• Work to complete:
Write out the line that contains "中には「男の人とお泊まりした", then every following line to the end of the records below, with no other lines and no changes.
+===+
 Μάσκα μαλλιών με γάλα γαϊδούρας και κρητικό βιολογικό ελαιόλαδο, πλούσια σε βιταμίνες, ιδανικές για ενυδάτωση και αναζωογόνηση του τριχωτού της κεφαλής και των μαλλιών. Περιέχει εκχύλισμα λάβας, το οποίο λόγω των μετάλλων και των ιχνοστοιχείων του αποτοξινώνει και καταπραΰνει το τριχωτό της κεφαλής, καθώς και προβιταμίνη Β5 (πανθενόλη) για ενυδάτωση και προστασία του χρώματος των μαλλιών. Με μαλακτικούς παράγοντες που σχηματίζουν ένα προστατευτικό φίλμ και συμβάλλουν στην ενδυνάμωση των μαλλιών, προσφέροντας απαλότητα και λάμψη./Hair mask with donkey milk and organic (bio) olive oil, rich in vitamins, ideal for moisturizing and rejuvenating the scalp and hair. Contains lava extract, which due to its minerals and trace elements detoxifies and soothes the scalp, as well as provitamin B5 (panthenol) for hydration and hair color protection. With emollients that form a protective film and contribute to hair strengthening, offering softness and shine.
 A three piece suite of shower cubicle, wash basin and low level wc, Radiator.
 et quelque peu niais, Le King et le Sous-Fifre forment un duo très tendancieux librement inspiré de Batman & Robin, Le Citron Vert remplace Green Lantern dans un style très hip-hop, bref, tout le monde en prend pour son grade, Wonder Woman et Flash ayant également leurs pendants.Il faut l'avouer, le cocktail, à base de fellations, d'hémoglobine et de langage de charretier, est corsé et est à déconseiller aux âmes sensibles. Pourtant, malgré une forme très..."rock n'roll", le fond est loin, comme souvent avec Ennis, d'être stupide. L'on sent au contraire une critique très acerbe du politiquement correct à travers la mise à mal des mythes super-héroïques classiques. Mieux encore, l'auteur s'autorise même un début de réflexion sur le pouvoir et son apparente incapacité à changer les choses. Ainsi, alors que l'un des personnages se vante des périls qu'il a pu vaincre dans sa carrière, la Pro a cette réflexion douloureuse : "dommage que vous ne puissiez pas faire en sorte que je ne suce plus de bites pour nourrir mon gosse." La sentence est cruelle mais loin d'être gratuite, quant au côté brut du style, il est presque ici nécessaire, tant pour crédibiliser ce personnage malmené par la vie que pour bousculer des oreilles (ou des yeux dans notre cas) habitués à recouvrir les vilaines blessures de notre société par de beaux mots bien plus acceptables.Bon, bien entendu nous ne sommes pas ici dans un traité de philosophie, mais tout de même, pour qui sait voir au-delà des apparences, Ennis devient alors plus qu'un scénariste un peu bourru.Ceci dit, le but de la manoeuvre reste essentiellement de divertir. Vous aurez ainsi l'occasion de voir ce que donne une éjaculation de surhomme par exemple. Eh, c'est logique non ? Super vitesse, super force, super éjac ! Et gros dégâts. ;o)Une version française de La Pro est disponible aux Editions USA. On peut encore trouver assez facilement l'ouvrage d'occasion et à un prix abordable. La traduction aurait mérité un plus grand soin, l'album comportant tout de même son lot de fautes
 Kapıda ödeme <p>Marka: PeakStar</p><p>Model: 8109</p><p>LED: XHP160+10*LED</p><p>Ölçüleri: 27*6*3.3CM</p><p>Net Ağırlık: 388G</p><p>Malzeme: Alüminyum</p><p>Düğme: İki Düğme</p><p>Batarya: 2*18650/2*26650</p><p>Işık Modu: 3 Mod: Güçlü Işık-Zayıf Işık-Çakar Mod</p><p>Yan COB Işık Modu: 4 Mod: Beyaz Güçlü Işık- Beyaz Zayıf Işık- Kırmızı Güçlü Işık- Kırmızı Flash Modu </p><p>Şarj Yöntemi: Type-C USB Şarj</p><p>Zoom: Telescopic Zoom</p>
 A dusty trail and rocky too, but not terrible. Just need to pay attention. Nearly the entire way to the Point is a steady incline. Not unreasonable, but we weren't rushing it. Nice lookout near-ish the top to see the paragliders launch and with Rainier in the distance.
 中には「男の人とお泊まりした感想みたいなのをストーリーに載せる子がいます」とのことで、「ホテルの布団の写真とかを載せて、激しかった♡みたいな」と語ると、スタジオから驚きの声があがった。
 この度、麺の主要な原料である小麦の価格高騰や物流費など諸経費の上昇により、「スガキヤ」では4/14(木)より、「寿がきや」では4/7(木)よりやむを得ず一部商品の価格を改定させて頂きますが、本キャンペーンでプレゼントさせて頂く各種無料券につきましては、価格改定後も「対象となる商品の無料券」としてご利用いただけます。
+===+
• Result below:
 中には「男の人とお泊まりした感想みたいなのをストーリーに載せる子がいます」とのことで、「ホテルの布団の写真とかを載せて、激しかった♡みたいな」と語ると、スタジオから驚きの声があがった。
 この度、麺の主要な原料である小麦の価格高騰や物流費など諸経費の上昇により、「スガキヤ」では4/14(木)より、「寿がきや」では4/7(木)よりやむを得ず一部商品の価格を改定させて頂きますが、本キャンペーンでプレゼントさせて頂く各種無料券につきましては、価格改定後も「対象となる商品の無料券」としてご利用いただけます。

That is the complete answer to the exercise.